Everybody knows that a “mutual fund” is just a “product” for sale.

One hesitates to call it even a “financial product” because there are no guarantees at all; there’s no guarantee of the principle, of the return, or of the suitability of the product for the customer in terms of what they had in mind – such as capital safety and capital appreciation or good service.

The only other products that one can buy that have no guarantee, warrantee, “best before date”, or claim of suitability for the customer, are the products of criminal enterprise – such as extortion, murder, drugs, prostitution, gambling, stolen goods, et cetera – offered with the same wide-eyed appeal and zest as the mutual fund salesperson, pension fund manager, or stock market pundit.

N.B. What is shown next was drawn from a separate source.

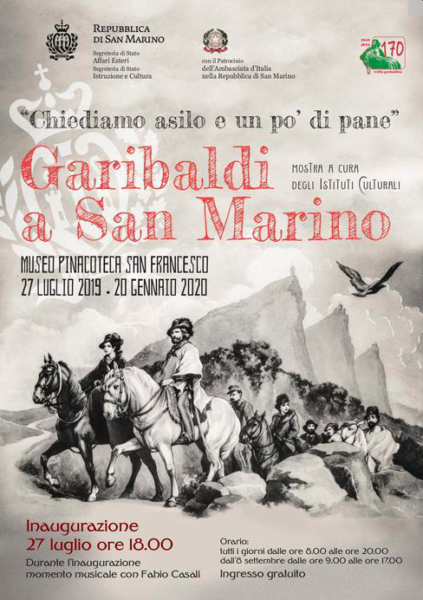 Inaugura sabato 27 luglio (ore 18) al Museo Pinacoteca San Francesco la mostra ‘Chiediamo asilo e un po’ di pane. Garibaldi a San Marino’, a cura degli Istituti Culturali (Archivio di Stato, Biblioteca di Stato, Musei di Stato).
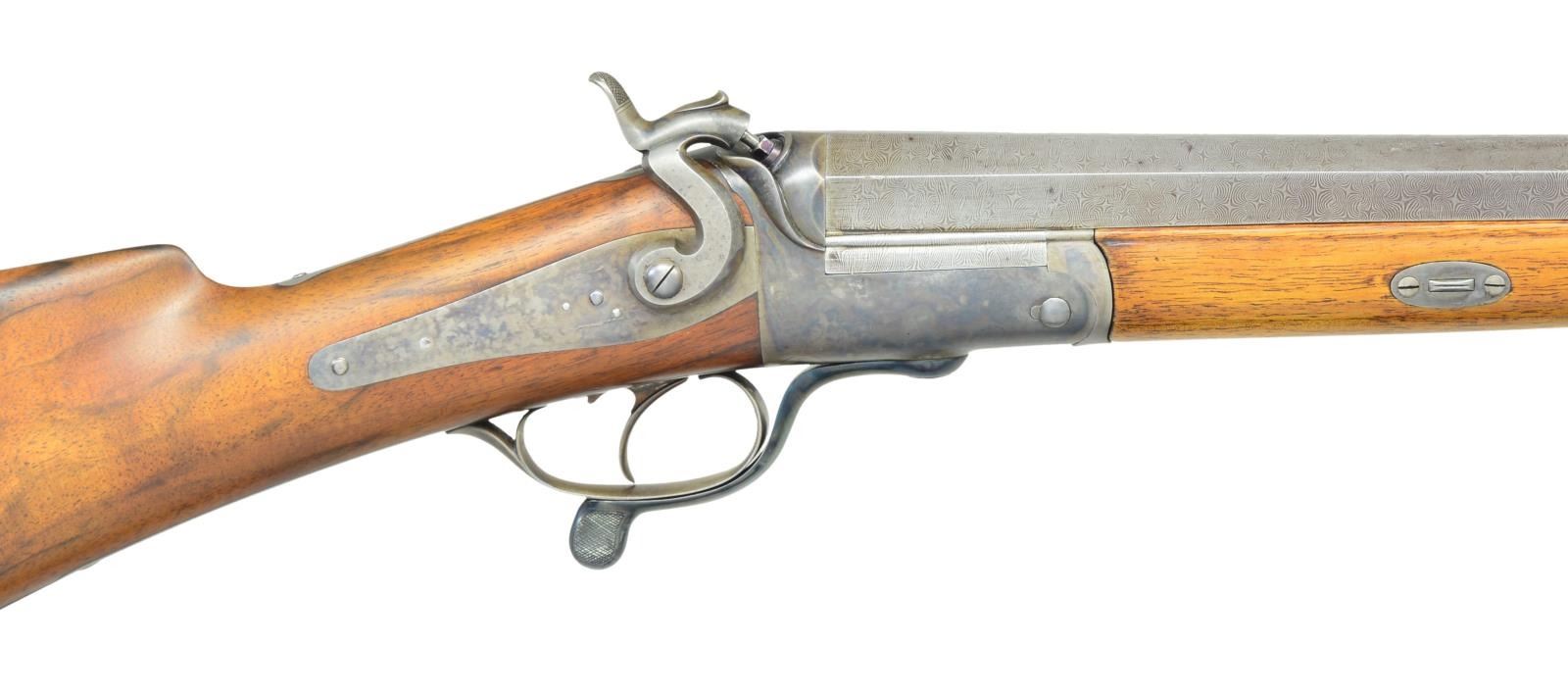 Cal. 10 Ga., 2 1/2". NSN. This gun is completely unmarked except for the names "P. Heuze Fr. & L. Mairlot" on barrel flats. (There are a number of Heuze gunmakers in Liege Belgium but none with the first initial "P.", there are no listings found for Mairlot). Flats are also marked "18.4" and "25" as there no offical proofs, it must be assumed that this gun was made or finished in Germany before 1891. It has 22 1/2" barrel made of very fine etched two stripe Damascus. Octagonal breech section is tapered and transitions to round with two turned rings and flares at muzzle to 2 7/8". Case hardened action with Jones underlever is configured in Germanic fashion with barrels lifting out of captive forend iron. Action is nicely filed and fitted with back spring lock having large chamfered serpentine hammer. Steel trigger guard screws into long trigger plate extending into butt. Straight grip buttstock of well streaked European walnut measures 14 1/4" over blued steel buttplate having long top tang which is also fitted with large trap with space underneath for two cartridges. Forend has horn tip and attaches to barrel with captive sidebolt through oval steel escutcheons. Weight: 9 lb. 9 oz. CONDITION: exceptionally fine. Appears unfired. Metal retaining over 95% original finishes with some high edge wear noted. Charcoal blue of operating lever and buttplate is also exceptionally fine with some minor marks. Finish on barrel is also exceptional showing off dramatic etched Damascus pattern. Buttstock retains nearly all of its original oil finish with a scattering of minor marks. Forend wood appears to be a very well done replacement or possible refinish. Horn tip appears to be original. Stock work is not quite up to the quality of the original, but matches well. Bore is bright and shiny, action is very tight, lock is crisp. One of the neatest guns this cataloger has seen in a long time. (01-22734/MGM). ANTIQUE. $3,000-5,000.

One might say in defence of mutual funds that there is a prospectus – we’ve been warned, so to speak – and we have legal recourse, but one must remember that the victim of a crime is inevitably punished twice, once by the crime and then by the prosecution of the crime. And the mutual fund business must be really profitable since there are so many of them in every colour and flavour of promise and utility that makes the common hardware store look like an oasis of functional acuity. But no guarantees save a few exceptions such as the segregated mutual funds offered by the insurance companies and Real Return Bonds (RRBs) offered by the Government as examples of both capital safety and inflation protection but, typically, at low rates of return which might not be guaranteed.

In the past, we have tended to fight crime and the gratuitous abuse of people by giving the people what they want, such as the Provincial Lotteries or the LCBO which is a paragon of joy, profitability and functionality that not only pays taxes but employs thousands of Canadians who also pay taxes.

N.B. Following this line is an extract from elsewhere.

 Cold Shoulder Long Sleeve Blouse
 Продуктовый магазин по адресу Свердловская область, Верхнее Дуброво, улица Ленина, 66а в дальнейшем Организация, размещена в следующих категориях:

What the people want from their investments is capital safety and value appreciation ahead of inflation so that their money now, which they don’t need to spend right away, can be used later and buy the same things, even at the LCBO.

And they can get it from a financial product that we have described as The Canada Pension Bond™  – “3% plus inflation, every year, no matter what” guaranteed – an investment fund for savers and investors who are planning for their retirement. Think of it.

The Canada Pension Bond™

“3% plus inflation, every year, no matter what”™


Instead of providing more regulation and unfounded hopefulness, the Government is in a unique position to offer such a fund which sets a new benchmark for mutual fund and pension fund management.

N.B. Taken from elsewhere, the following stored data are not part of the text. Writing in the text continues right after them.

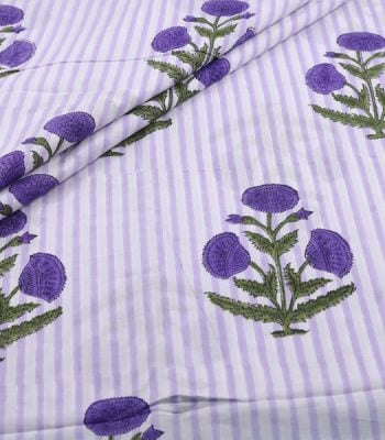 Pre-Cut 2m African Violet Stripes Handblock Printed 100% Pure Soft Cotton Fabric
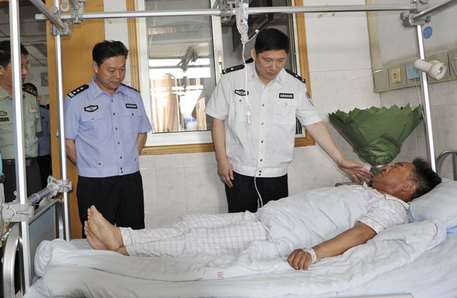 7月30日上午,市公安局徐乾副局長(zhǎng)在交巡警支隊(duì)蘇必偉支隊(duì)長(zhǎng)和公司婁伯翱總經(jīng)理等領(lǐng)導(dǎo)的陪同下,前往八二醫(yī)院看望慰問(wèn)了因公負(fù)傷的我公司保安四大隊(duì)交通協(xié)管員孫長(zhǎng)如,詳細(xì)詢問(wèn)了受傷經(jīng)過(guò)和治療情況,囑咐他好好養(yǎng)傷,祝他早日康復(fù),并送上了慰問(wèn)金。
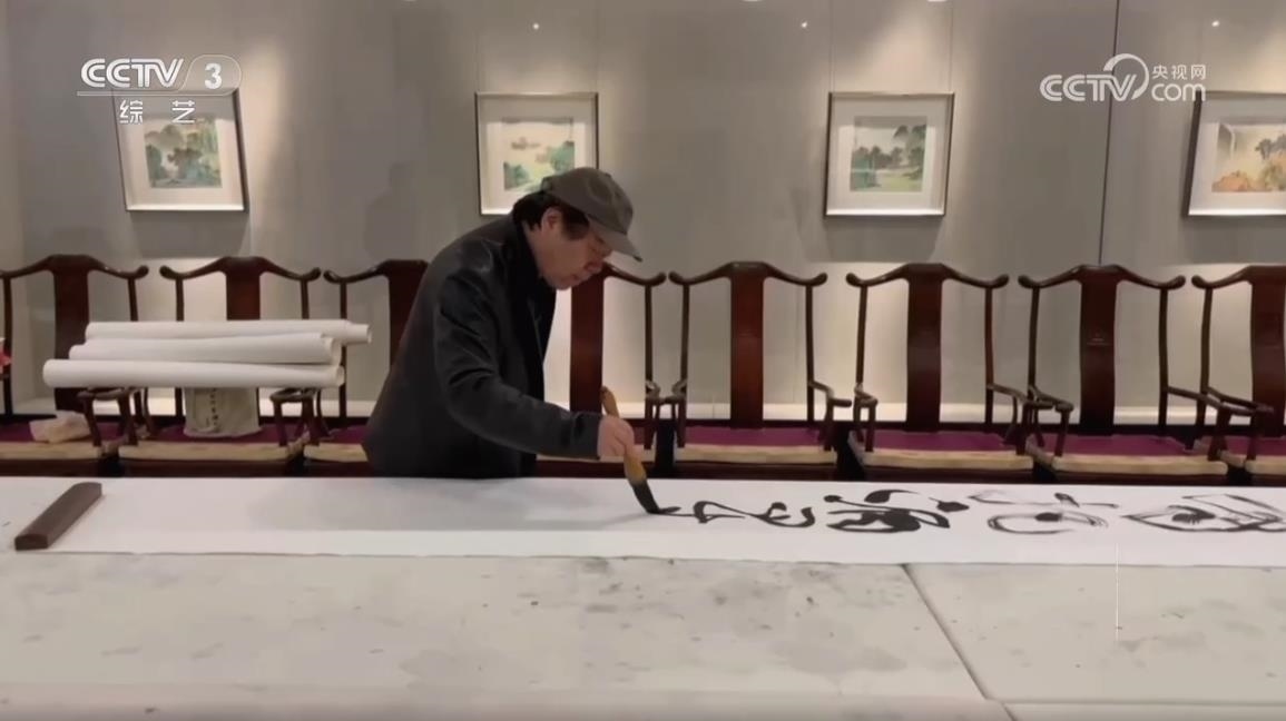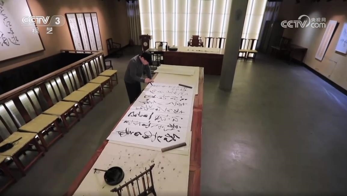 中國書法家協(xié)會草書專業(yè)委員會副主任、上海市書法家協(xié)會主席 丁申陽:武打的場面,他(導(dǎo)演)說后面一堵墻,你可以用草書來書寫,掛在后面作背景。他說這個草書跟武術(shù)其實(shí)有相同點(diǎn),都是動態(tài)的美,也有左右避讓的關(guān)系,長短的協(xié)調(diào)的關(guān)系,還有重輕的關(guān)系,矛盾平衡之間尋找一個點(diǎn),這個點(diǎn)就是協(xié)調(diào),協(xié)調(diào)就是美的。
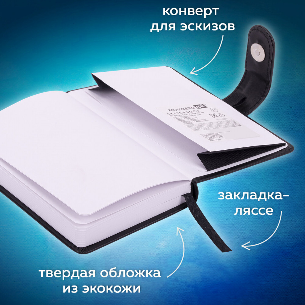 Скетчбук BRAUBERG ART «CLASSIC» для эскизов и графики. Внутренний блок — специальная художественная бумага белого цвета с гладкой фактурой. Предназначен для работы с широким спектром графических материалов (уголь, соусы, карандаши и прочие).
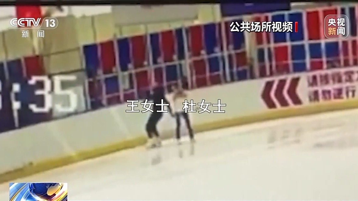 北京一家室内冰场的公共场所视频显示,事发当天下午两点半左右,王女士正在贴着场边缓慢滑行。正当她沿着冰场边缘缓慢滑行的时候,突然被撞了一下。碰撞发生后,杜女士立刻去扶摔倒在地的王女士,王女士认为自己的手腕受伤了,应当去医院。
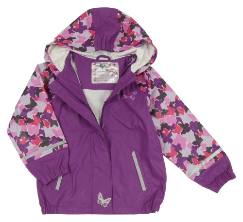 Fialová nepromokavá bunda s motýly a kapucí Lupilu
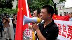 • 针对日本扣押香港保钓人士,中国向日本提出抗议。在日本驻上海领事馆前,抗议者在示威时高举中国国旗,并用扩音喇叭。

Will it cost us anything? The answer is no, it won’t, and, in fact, it is likely to be a profit centre, such as the LCBO,  in a number of ways that are easy to imagine. After all, saving and wealth are addictive and the technology to produce these things profitably is available, now.


Investing in the bond and stock markets has become a highly regulated and litigious industry but despite that, there remains only one effective rule and that is caveat emptor or “buyer beware”.

Nothing that we say should be construed by any person as advice or a recommendation to buy, sell, hold or avoid the common stock or bonds of any public company at any time for any purpose. That is the law and we fully support and respect that law and regulation in every jurisdiction without exception and without qualification to the best of our knowledge and ability.

We can only tell you what we do and why we do it or have done it and we know nothing at all about the future or the future of stock prices of any company nor why they are what they are, now.